Die neue CDU/FDP-Koalition setzte ihre Pläne zur Schulfreiheit mit dem Gesetz zur Wiederherstellung der freien Schulwahl im Lande Hessen um.[14]
Bei der Verabschiedung des Gesetzes gelang der SPD eine kurzfristige Verzögerung. Der FDP-Abgeordnete Eberhard Weghorn erlitt im Mai 1987 einen schweren Autounfall und lag im Koma. Da die Landesregierung Walter Wallmann lediglich eine Stimme Mehrheit im Landtag hatte, führte dies dazu, dass die Opposition aus SPD und Grünen die Verabschiedung des Gesetzes zur Wiederherstellung der freien Schulwahl im Lande Hessen verzögern konnte. Durch das Verlassen des Plenarsaales machten die beiden Oppositionsfraktionen den Landtag beschlussunfähig. Dieser Boykott kam in der Öffentlichkeit so schlecht an, dass das Gesetz auf der Folgesitzung den Landtag passieren konnte.[15]

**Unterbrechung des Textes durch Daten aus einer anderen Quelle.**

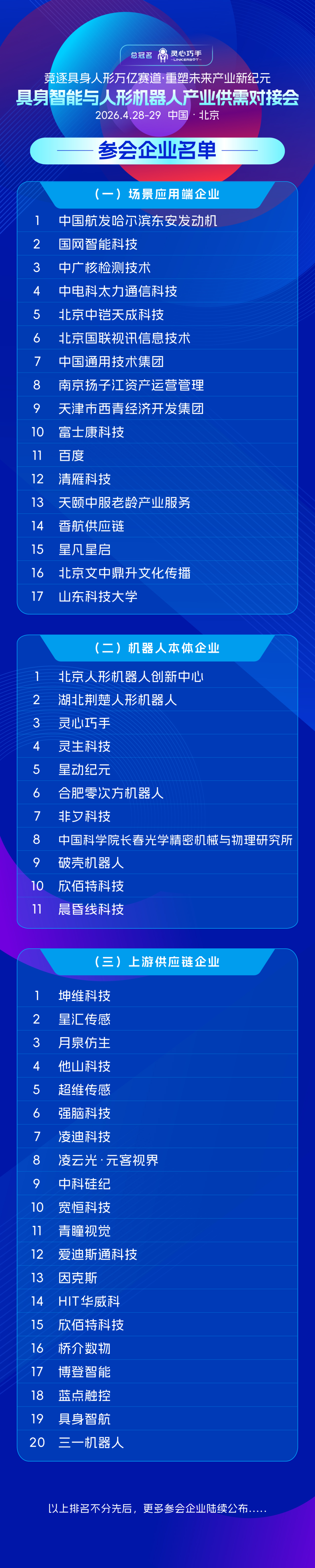 跨维智能 | 银河通用 | 千寻智能 | 灵心巧手 | 睿尔曼智能 | 微亿智造 | 推行科技 | 中科硅纪 | 枢途科技 | 灵巧智能 | 星尘智能 | 穹彻智能 | 方舟无限 | 科大讯飞 | 北京人形机器人创新中心| 国地共建人形机器人创新中心 | 戴盟机器人| 视比特机器人| 星海图 | 月泉仿生 | 零次方机器人 | 中科深谷 | 智平方 | 大咖机器人 | 灏存科技| 具识智能 | Xynova曦诺未来 | 非夕科技 |未来动力 | 博登智能 | 千诀科技 | 灵生科技 | 集萃智造 | 欣佰特科技 | 晨昏线科技 | Dexmal 原力灵机 | 优理奇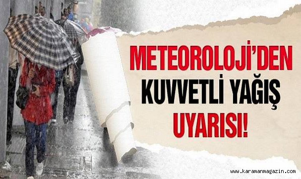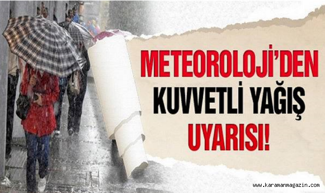 Kuvvetli Yağışlara Dikkat!Yarın (Perşembe) öğle saatlerinden itibaren Konya’nın güney kesimleri (Ahırlı, Yalıhüyük, Akören, Seydişehir, Derebucak, Bozkır, Hadim, Taşkent, Güneysınır, Ereğli, Halkapınar) ile Karaman il geneli ve Niğde (Bor, Ulukışla, Çamardı) çevrelerinde etkili olması beklenen yağışların, yer yer kuvvetli olmak üzere yağmur ve sağanak yağmur; rakımı 1500m’nin üzerinde olan yerlerde kar şeklinde gerçekleşeceği beklenmektedir. Kuvvetli yağışın sebep olabileceği sel, su baskını, yağış anında kuvvetli rüzgâr, yüksek kesimlerde buzlanma ve don olayları ile ulaşımda aksamalar gibi olumsuzluklara karşı dikkatli ve tedbirli olunmalıdır.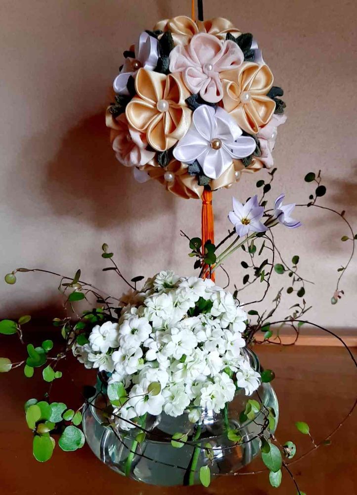 つまみ細工のお花❣️のくす玉❣️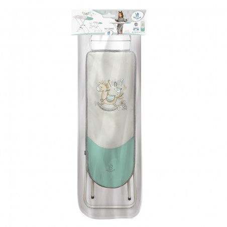 Fabricado con material de alta calidad y muy resistente, este bonito planchador de aluminio blanco, con estructura plegable y tejido de color verde, es ideal para que los pequeños puedan aprender a planchar su ropita y la de sus bebés.

Das Wahlergebnis wurde allgemein auf die Landespolitik zurückgeführt. Die Bundesregierung sah sich dennoch durch das Ergebnis bestätigt. Jedoch bestätigte sich die Regel, dass die Regierung im Bund in den Ländern verliert, bereits bei den folgenden Landtagswahlen in Hamburg.